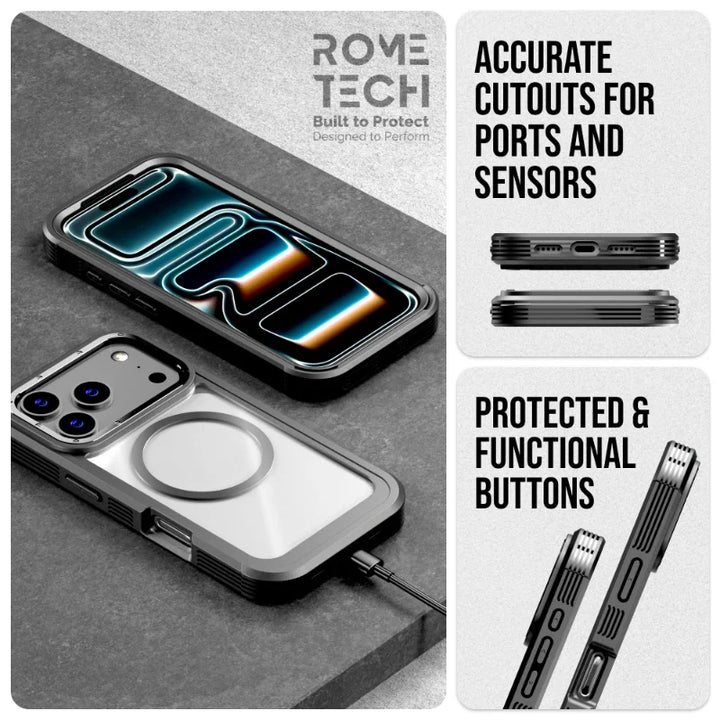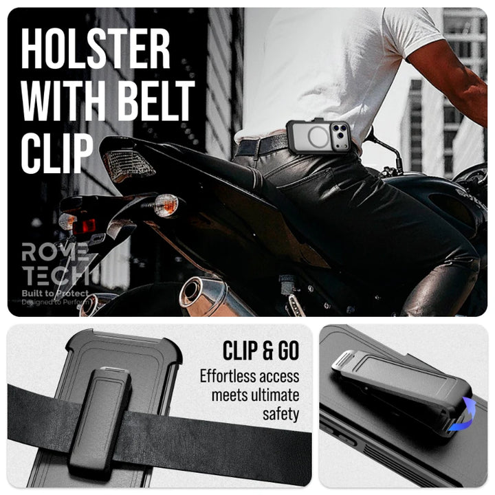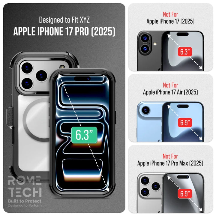 Protective Cases for Apple iPhone 17 Pro a is four layers of 360-degree heavy-duty shockproof protection. Our defender case is made out of durable materials with a hard polycarbonate inner shell and soft outer rubber layer. Raised beveled edge keeps your touchscreen safe from scratches. A 360-degree swivel belt clip also functions as a kickstand with different viewing angles perfect for video calls and media playback. Defender case also have easy access to the charging port, buttons, sensors, and camera. Built-in port covers offer protection from dust, dirt, and other elements, making it ideal for commercial use. Rome Tech's Defender case multi-layer design offers rugged drop protection ideal for outdoor adventures, sports, hiking and guards your device against scrapes, bumps, dirt, and dust.
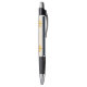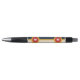 Pen with a design with the flag of Tulsa, Oklahoma. A beige and navy blue flag with a gold Osage shield containing a red circle and a beige six-pointed star
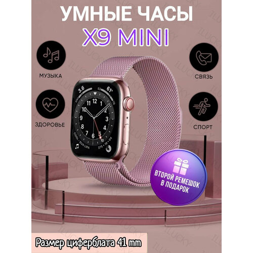 Умные часы Smart Watch x9 mini 41 mm, смарт часы, новинка 2024 , наручные смарт часы, женские, мужские, детские, фитнес браслет, сенсорный экран, шагомер, электронные часы, спортивные, унисекс, Розовые

Work task:
Output the span from the line with "Pen with a design" through the last line of the data, inclusive and exact, and omit every picture.

Written response:
 Pen with a design with the flag of Tulsa, Oklahoma. A beige and navy blue flag with a gold Osage shield containing a red circle and a beige six-pointed star
 Умные часы Smart Watch x9 mini 41 mm, смарт часы, новинка 2024 , наручные смарт часы, женские, мужские, детские, фитнес браслет, сенсорный экран, шагомер, электронные часы, спортивные, унисекс, Розовые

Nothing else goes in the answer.